> **Source information**
⟨

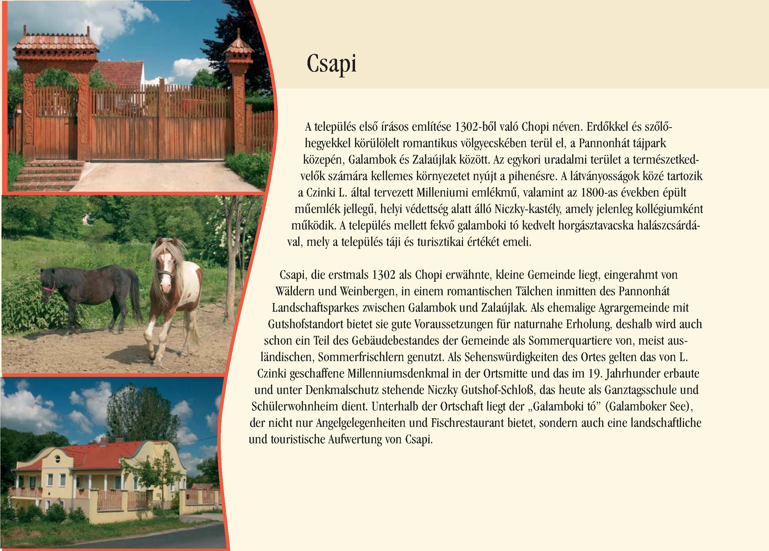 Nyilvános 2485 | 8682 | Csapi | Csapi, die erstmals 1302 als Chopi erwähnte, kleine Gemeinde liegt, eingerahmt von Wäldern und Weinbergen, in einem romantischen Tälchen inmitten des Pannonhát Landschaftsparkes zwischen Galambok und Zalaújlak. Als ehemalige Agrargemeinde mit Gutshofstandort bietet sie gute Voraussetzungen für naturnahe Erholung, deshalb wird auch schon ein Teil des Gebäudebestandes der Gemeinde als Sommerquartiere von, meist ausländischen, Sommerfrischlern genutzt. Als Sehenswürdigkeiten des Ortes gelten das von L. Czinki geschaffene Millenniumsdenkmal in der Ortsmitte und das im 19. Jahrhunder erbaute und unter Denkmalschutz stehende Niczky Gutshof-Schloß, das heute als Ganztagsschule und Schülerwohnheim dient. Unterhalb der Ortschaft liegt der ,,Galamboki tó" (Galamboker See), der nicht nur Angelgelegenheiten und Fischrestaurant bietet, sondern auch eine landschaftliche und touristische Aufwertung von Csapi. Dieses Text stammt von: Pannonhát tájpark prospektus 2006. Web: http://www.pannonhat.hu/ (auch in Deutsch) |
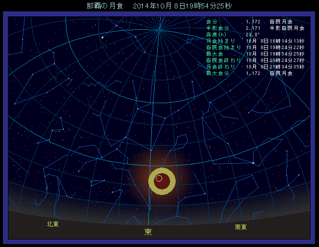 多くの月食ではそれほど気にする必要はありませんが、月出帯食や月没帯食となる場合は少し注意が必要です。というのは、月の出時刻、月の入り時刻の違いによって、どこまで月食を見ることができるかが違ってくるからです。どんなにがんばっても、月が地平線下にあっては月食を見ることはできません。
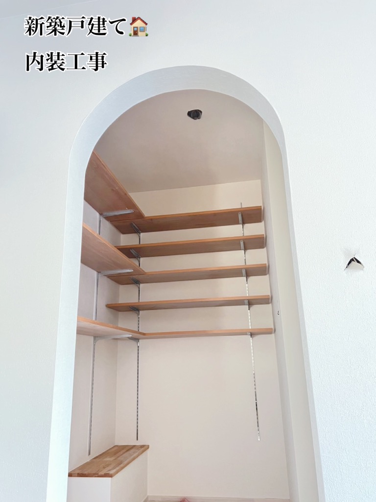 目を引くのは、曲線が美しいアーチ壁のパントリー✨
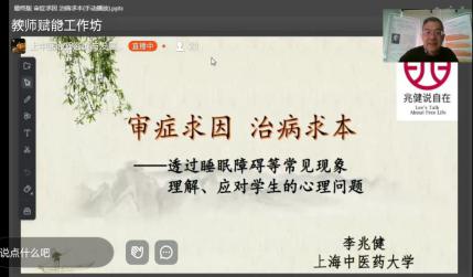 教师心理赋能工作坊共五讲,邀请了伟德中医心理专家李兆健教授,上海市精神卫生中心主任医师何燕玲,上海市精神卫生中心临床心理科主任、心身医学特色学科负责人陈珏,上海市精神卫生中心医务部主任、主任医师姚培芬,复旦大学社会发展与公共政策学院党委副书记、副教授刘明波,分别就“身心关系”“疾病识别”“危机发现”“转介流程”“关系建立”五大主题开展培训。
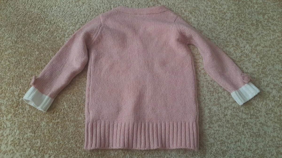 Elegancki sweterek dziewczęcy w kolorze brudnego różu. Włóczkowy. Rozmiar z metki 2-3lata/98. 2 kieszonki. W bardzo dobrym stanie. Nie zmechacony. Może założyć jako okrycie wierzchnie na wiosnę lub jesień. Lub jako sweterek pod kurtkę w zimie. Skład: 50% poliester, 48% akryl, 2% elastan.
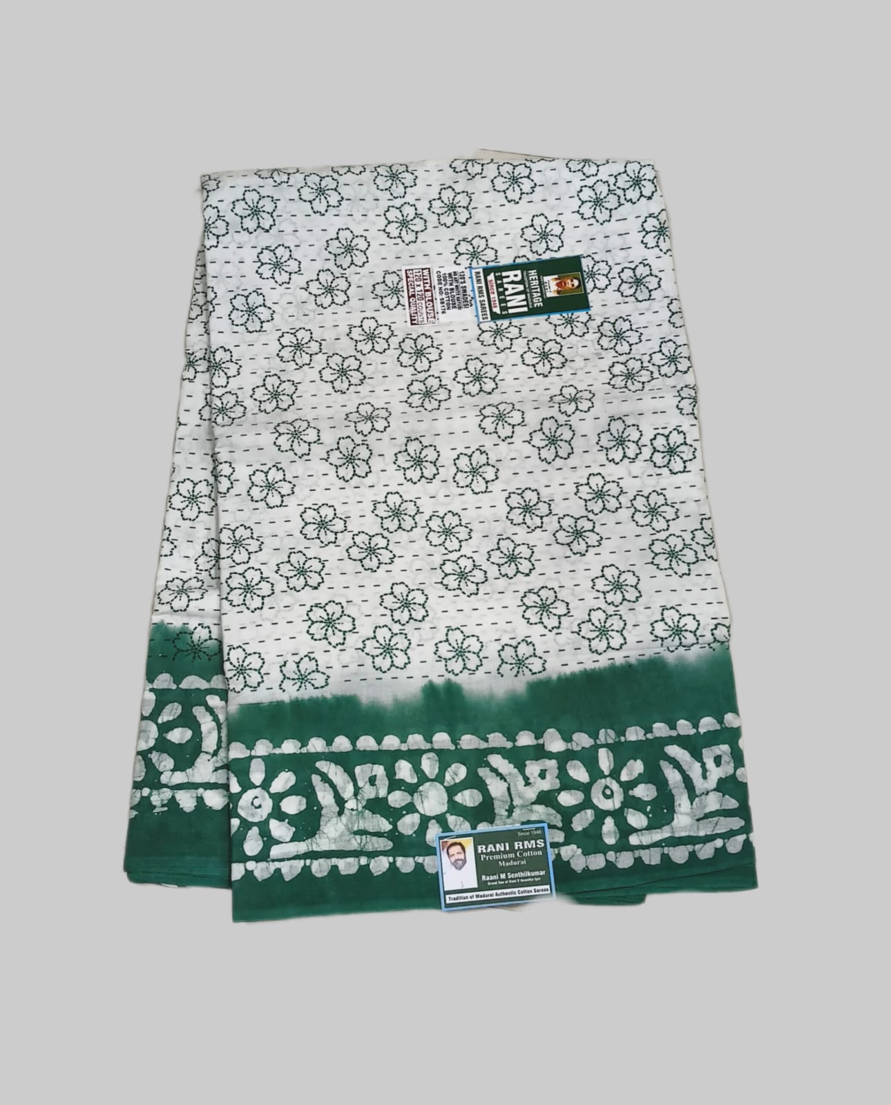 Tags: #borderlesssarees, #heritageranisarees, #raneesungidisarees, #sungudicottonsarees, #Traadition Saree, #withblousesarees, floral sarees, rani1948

⟩
⟨

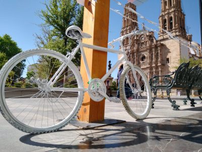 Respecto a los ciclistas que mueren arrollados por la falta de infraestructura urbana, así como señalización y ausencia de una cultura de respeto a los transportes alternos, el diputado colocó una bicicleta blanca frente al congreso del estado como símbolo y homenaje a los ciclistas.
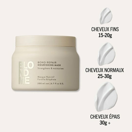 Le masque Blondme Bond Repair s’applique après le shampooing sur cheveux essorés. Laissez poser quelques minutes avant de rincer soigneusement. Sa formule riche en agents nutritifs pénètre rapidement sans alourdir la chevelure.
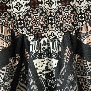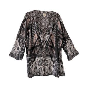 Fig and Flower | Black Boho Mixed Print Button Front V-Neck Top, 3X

⟩

> **What the exercise asks**
Give again the stretch of lines above from the one with "教师心理赋能工作坊共五讲,邀" through the one with "floral sarees, rani1948", both ends kept, and copy no pictures.

> **Solved problem**
 教师心理赋能工作坊共五讲,邀请了伟德中医心理专家李兆健教授,上海市精神卫生中心主任医师何燕玲,上海市精神卫生中心临床心理科主任、心身医学特色学科负责人陈珏,上海市精神卫生中心医务部主任、主任医师姚培芬,复旦大学社会发展与公共政策学院党委副书记、副教授刘明波,分别就“身心关系”“疾病识别”“危机发现”“转介流程”“关系建立”五大主题开展培训。
 Elegancki sweterek dziewczęcy w kolorze brudnego różu. Włóczkowy. Rozmiar z metki 2-3lata/98. 2 kieszonki. W bardzo dobrym stanie. Nie zmechacony. Może założyć jako okrycie wierzchnie na wiosnę lub jesień. Lub jako sweterek pod kurtkę w zimie. Skład: 50% poliester, 48% akryl, 2% elastan.
 Tags: #borderlesssarees, #heritageranisarees, #raneesungidisarees, #sungudicottonsarees, #Traadition Saree, #withblousesarees, floral sarees, rani1948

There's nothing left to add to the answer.